8.                            During trial, the prosecution examined PW-1 Khalil-ur-Rehman who produced the relevant documents pertaining to the case against the appellant. PW-2 Habibur Rehaman, PW-3 Rashid Menhaz being private witnesses supported the statement of complainant.  However, the evidence of the official witnesses is important. The prosecution examined official witness PW-4 Syed Zahid Hussain who was Inspector of D.D. ACE, Karachi in his deposition stated that he could not collect convincing piece of evidence against the appellant. The evidence of official witness PW-5 Sajjad Ali is also important as he stated that the entire prosecution case was built up on the statement of one Atiq-ur-Rehman brother of complainant as complainant was unable to attend the proceedings due to his illness and in his absence, the statement of Atiq-ur-Rehman was recorded as attorney of complainant. It is worth mentioning that the said Atiq-ur-Rehman was not examined during trial. It is also worth mentioning that the prosecution witnesses Kalil-ur-Rehman and Habibur Rehman are borther and the third private prosecution witness Rashid Minhaz is their neighbor. The complainant has produced an agreement duly signed by the appellant/accused but the appellant/accused in his deposition has denied the same and has taken plea that his signatures were obtained on some blank paper after abducting him by the complainant party. The signatures when disputed ought to be verified but no such efforts were taken by the prosecution during trial. The appellant is a Sindhi speaking person and the alleged agreement is in English. The appellant is a peon and it is hard to believe that he had put his signature on the said agreement with his free will and consent.

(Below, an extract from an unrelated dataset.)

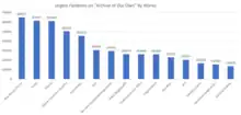 AO3 reached one million works (including stories, art pieces, and podcast fic recordings, referred to as podfics) in February 2014. At that time, the site hosted works representing 14,353 fandoms, the largest of which were the Marvel Cinematic Universe (MCU), Supernatural, Sherlock, and Harry Potter.[6] In July 2019 it was announced that the site had 2 million registered users and 5 million posted works.[42] Of the top 100 character pairings written about in fic on the site in 2014, 71 were male/male slash fiction and the majority of character pairings featured white characters.[43] In 2016, about 14% of fics hosted on the site took place in an alternative universe (often shortened to AU) in which characters from a particular canon are transplanted into a different context.[44] The length of a story on Archive of Our Own tends to correlate with its popularity. Stories of 1,000 words often received fewer than 150 hits on average while stories that were closer in length to a novel were viewed closer to 1,500 times apiece.[25]

9.                            Another aspect of the case is important. The appellant is only a peon and he has no authority in the office to allot any land. It is indeed surprising that the appellant has persuaded the complainant party to enter in a deal of allotment of a huge piece of land. The complainant has not mentioned the name of any other person or officer of DC Office as accused. 

10.                         In view of the above discussion, I am of the view that the prosecution remained failed to establish the case against the accused/appellant. As such the instant appeal is allowed and appellant is acquitted from the charge. He is not in attendance, but as he is acquitted on merit therefore surety is discharged.